Cannibalization: It is a process of creating different sub-brands of the parent brand so that the parent brand can grow its customer base by targeting large numbers of customers. Most of the time, after launching a new product, the new product “eats” up the sales and demand for an old popular product.

Few interesting examples:

Since 2007, Apple has launched a new iPhone every year. What happens to the sales of the existing models? They reduce. But why do the companies do this then?

Apple new products

If you don't cannibalize yourself, someone else will !

Steve Jobs
  • When the tech giant invents a new iPhone, it doesn’t shy away from releasing it into the market. It ensures that their newer version is available in all their chain stores. It causes the sales of their older iPhones to drop significantly. However, Apple makes up for this loss by capturing its competitors’ current customers, hence increasing its customer base.

Digestive cookies
Digestive light cookies

  • Digestive introduced a low-fat version of its brand. It knows some of its sales will be cannibalized from the original brand, but it hopes to expand its market share by appealing to health-conscious consumers who otherwise would buy a different brand.

Cocacola products
  • Coca-Cola launched different flavors in the hope of acquiring a bigger market share not caring about the initial cannibalization.

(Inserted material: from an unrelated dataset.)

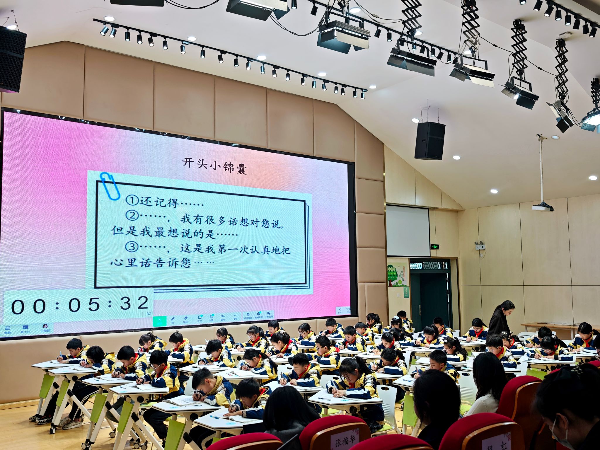 洋安小学徐梦玲老师执教六年级习作课《我的拿手好戏》,以“绝活我最靓”班级吉尼斯为真实情境,引导学生挖掘生活中的鲜活素材,充分调动了学生的表达热情;杭州市文澜小学王嘉毅老师带来五年级习作课《我想对您说》,以“洋安少年说”为载体,搭建起师生、亲子间的情感沟通桥梁,有效激发了学生的倾诉欲与表达欲。

Over time, Coca-Cola realized that loyal customers still preferred the original formula, which prompted them to react by revising their strategy to marketing the original formula as the “Classic Coke” and the rest of the flavors as either seasonal or festive beverages.

  • The "Starbucks on every corner” is suffering of cannibalization of sales through overexpansion. It had become difficult for Starbucks to maintain its status as a premium brand because it was “everywhere”.